From [mildest_extrema_popsize_estimator.ipynb](mildest_extrema_popsize_estimator.ipynb), we have

$$
\hat{n}_\mathrm{mue} = \frac{
    \log \Big( - \frac{1}{2}^{1/k} + 1 \Big)
}{\log( \min(x_1, x_2, ..., x_k) )}.
$$

where $p(x_i) =  k nx_i^{n-1} \Big(1 - x_i^n \Big)^{k-1}$ for $x_i \in [0,1]$ and $p(x_i) = 0$ otherwise.

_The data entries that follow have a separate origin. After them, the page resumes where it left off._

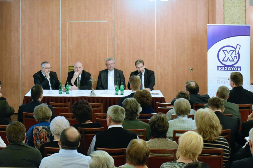 A köszöntőket követően pódiumbeszélgetés kezdődött Békefy Lajos református teológus, közíró vezetésével. A beszélgetésben részt vettek Veres András győri megyéspüspök, a Magyar Katolikus Püspöki Konferencia (MKPK) elnöke, Steinbach József, a Dunántúli Református Egyházkerület püspöke, a Magyarországi Egyházak Ökumenikus Tanácsának (MEÖT) elnöke, Szemerei János, a Nyugati Evangélikus Egyházkerület püspöke és Vejkey Imre, a Kereszténydemokrata Néppárt országgyűlési képviselője.
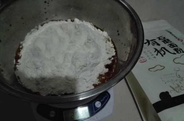 2、放涼後的紅糖水中倒入酵母稍做融化,然後將面粉同時倒入,如圖所示。
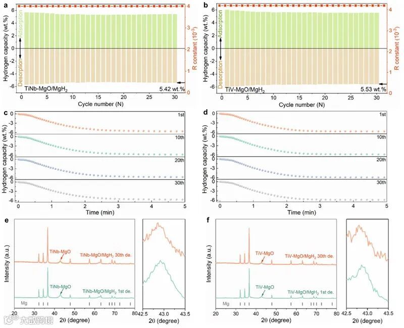 图3e和3f分别为TiNb-MgO/Mg和TiV-MgO/Mg在第1次和第30次循环后的XRD结果。研究发现,主相(Mg)和催化相(Ti
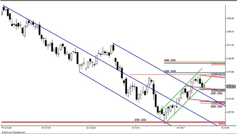 Z rejonu ważnej zapory podażowej: 2405 – 2410 pkt. rozwinął się jak wiadomo ruch korekcyjny, który dotarł we wtorek do eksponowanego przeze mnie wsparcia Fibonacciego: 2350 – 2354 pkt. Ponieważ strefa posiadała dodatkowo ważne wzmocnienie w postaci przebiegającej tutaj Median Line należało liczyć się z tym, że popyt nie dopuści tak łatwo do jej zanegowania (w przeciwnym bowiem razie zostałby wygenerowany stosunkowo silny, krótkoterminowy sygnał techniczny zapowiadający kolejny atak niedźwiedzi).

From [mildest_extrema_popsize_estimator.ipynb](mildest_extrema_popsize_estimator.ipynb), we also have

$$
p(x_\min) =
k n x_\min^{n-1} \Big(1 - x_\min^n \Big)^{k-1}.
$$

Working from the definition of expected value,

$\begin{align*}
E(\hat{n}_\mathrm{mue})
&= E \Big(\frac{
    \log \Big( - \frac{1}{2}^{1/k} + 1 \Big)
}{\log( \min(x_1, x_2, ..., x_i) )} \Big)\\
&= E \Big(\frac{
    \log \Big( - \frac{1}{2}^{1/k} + 1 \Big)
}{\log( x_\min )} \Big)\\
&= \int_0^1 \frac{
    \log \Big( - \frac{1}{2}^{1/k} + 1 \Big)
}{\log x_\min } \times k nx_\min^{n-1} \Big(1 - x_\min^n \Big)^{k-1} \, \mathrm{d}x_\min\\
&= k n \log \Big( - \frac{1}{2}^{1/k} + 1 \Big) \int_0^1 \frac{
1
}{\log x_\min } \times x_\min^{n-1} \Big(1 - x_\min^n \Big)^{k-1} \, \mathrm{d}x_\min\\
&= k n \log \Big( - \frac{1}{2}^{1/k} + 1 \Big) \int_0^1 \frac{
x^{n-1}
}{\log x } \Big(1 - x^n \Big)^{k-1} \, \mathrm{d}x.
\end{align*}$

To derive a general form for the integral at hand, we will use computer algebra to test the first few terms and then extrapolate.


In [3]:
def compute_integral(*, k: int,) -> sympy.Expr:

    x = sympy.Symbol('x', nonnegative=True, real=True,)
    n = sympy.Symbol('n', nonnegative=True, real=True,)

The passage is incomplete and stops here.